The interruption enabled Rowe to escape. The sun was going down: the square garden was emptying: it was nearly time to dig up the treasure and make tracks, before darkness and blackout and siren-time. So many fortunes one had listened to, behind a country hedge, over the cards in a liner's saloon, but the fascination remained even when the fortune was cast by an amateur at a garden fête. Always, for a little while, one could half-believe in the journey overseas, in the strange dark woman, and the letter with good news. Once somebody had refused to tell his fortune at all -- it was just an act, of course, put on to impress him -- and yet that silence had really come closer to the truth than anything else.
He lifted the curtain and felt his way in.

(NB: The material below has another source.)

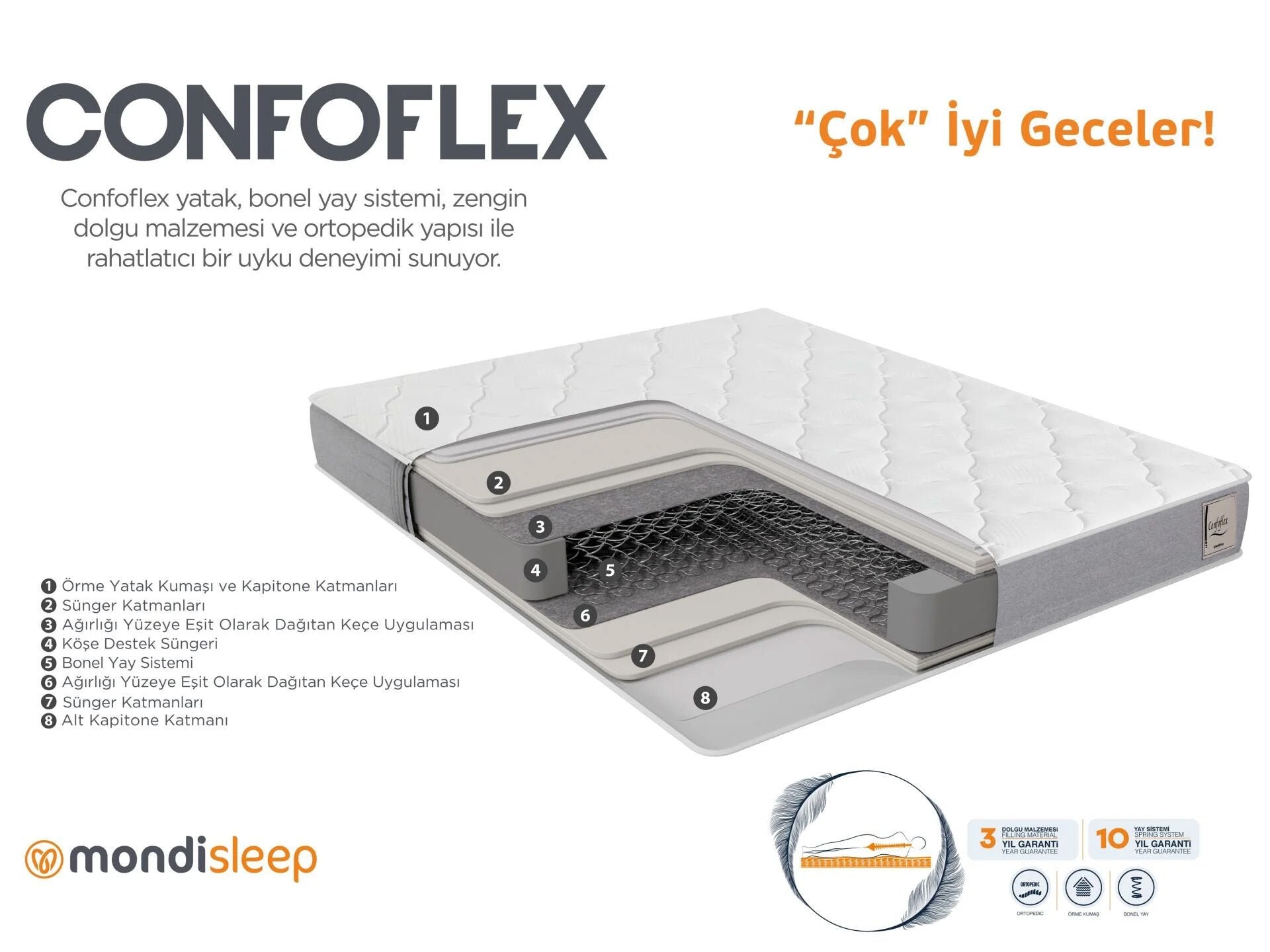 Confoflex yatak, bonel yay sistemi, zengin dolgu malzemesi ve ortopedik yapısı ile rahatlatıcı biri uyku deneyimi sunuyor.

It was very dark inside the tent and he could hardly distinguish Mrs Bellairs, a bulky figure shrouded in what looked like cast-off widow's weeds -- or perhaps it was some kind of peasant's costume. He was unprepared for Mrs Bellairs' deep powerful voice: a convincing voice. He had expected the wavering tones of a lady whose other hobby was water-colours.
"Sit down, please, and cross my hand with silver."
"It's so dark."
But now he could just manage to make her out: it was a peasant's costume with a big head-dress and a veil of some kind tucked back over her shoulder. He found a half-crown and sketched a cross upon her palm.
"Your hand."
He held it out and felt it gripped firmly as though she intended to convey: expect no mercy. A tiny electric night-light was reflected down on the girdle of Venus, the little crosses which should have meant children, the long, long line of life. . .
He said, "You're up-to-date. The electric nightlight, I mean."
She paid no attention to his flippancy. She said, "First the character, then the past: by law I am not allowed to tell the future. You're a man of determination and imagination and you are very sensitive -- to pain, but you sometimes feel you have not been allowed a proper scope for your gifts. You want to do great deeds, not dream them all day long. Never mind. After all, you have made one woman happy."
He tried to take his hand away, but she held it too firmly: it would have been a tug of war. She said, "You have found the true contentment in a happy marriage. Try to be more patient, though. Now I will tell you your past."